History will forever associate Charles Darwin with the theory of evolution, but the idea was in the air. Had not Darwin published his famous book, someone else would have likely snatched the prize. Husband-and-wife duo John and Mary Gribbin here examine the wider milieu in which Darwin operated and the many thinkers who preceded him. Given their previous collaborations, the first two parts of On the Origin of Evolution read like a well-oiled machine, but the book falters when they turn their eyes to the legacy of Darwin’s ideas.

On the Origin of Evolution: Tracing ‘Darwin’s Dangerous Idea’ from Aristotle to DNA, written by John Gribbin and Mary Gribbin, published in Europe by William Collins (a HarperCollins imprint) in November 2020 (hardback, 288 pages)

When you study the history of science, it seems there is just no way around Aristotle.
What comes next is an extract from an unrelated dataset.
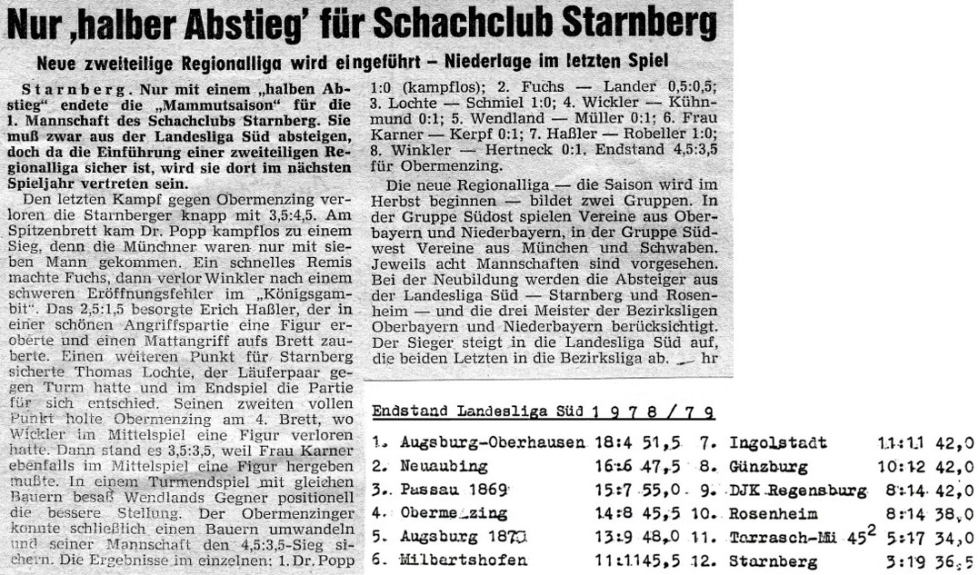 Vorläufiges Ende des Abenteuers Landesliga: nach einer katastrophalen Saison und lediglich 3:19 Mannschaftspunkten stieg Starnbergs „Erste“ 1979 als Tabellenletzter in die neu gegründete Regionalliga Südost (Bildquellen: Archiv SK Starnberg).

In the context of this book, his legacy is the idea of the great chain of being: the notion that life can be ordered from simple to complex forms, with humans at the top as creation’s crowning glory. It was readily adopted by Christian thinkers and hamstrung evolutionary thinking for millennia.

Still, as the first third of this book shows, some people did ponder both man’s place in nature and the relationships between living beings. Liberally quoting from their writings, the authors introduce you to notable characters and their brilliant early flashes of insight. For example, Thomas Aquinas, writing in the 13th century, allowed for species to develop in their striving for perfection but rejected the idea of new ones arising after God’s act of creation. Fossils were long misunderstood, neither recognized as ancient nor as the remains of extinct creatures. I was therefore particularly fascinated by 17th-century British polymath Robert Hooke who may well have been one of the first to recognize fossils for what they were. His ideas on species formation and extinction seem prescient. In the 1770s, Lord Monboddo already argued that humans descended from apes. And yet, the dots were not connected into a bigger picture. Particular sticking points were extinction and the age of the Earth, a puzzle to which James Hutton and other geologists would later contribute much.

When the book gets to Darwin, the tempo slows right down and the middle third of the book examines Darwin’s life and simultaneous developments around him. The Gribbins sketch how Darwin, ever careful, worked on his ideas for decades, also because he felt that, as a geologist, one could not “examine the question of species who has not minutely described many” (p. 134). Something he subsequently spent years on. The history of how Alfred Russel Wallace later came to similar conclusions and ran them past Darwin in a letter, and how Charles Lyell and Joseph Hooker presented both their work at a meeting of the Linnean Society, is well-known. What the Gribbins here clarify is that, if it seems strange to us now that Wallace’s letter was publicly presented by a third party without his consent, this was the custom of the time. Communications of scientific interest were expected to be made public as quickly as possible. Various quotes from Wallace indeed show nothing but a man who was very chuffed to have his work mentioned alongside Darwin’s.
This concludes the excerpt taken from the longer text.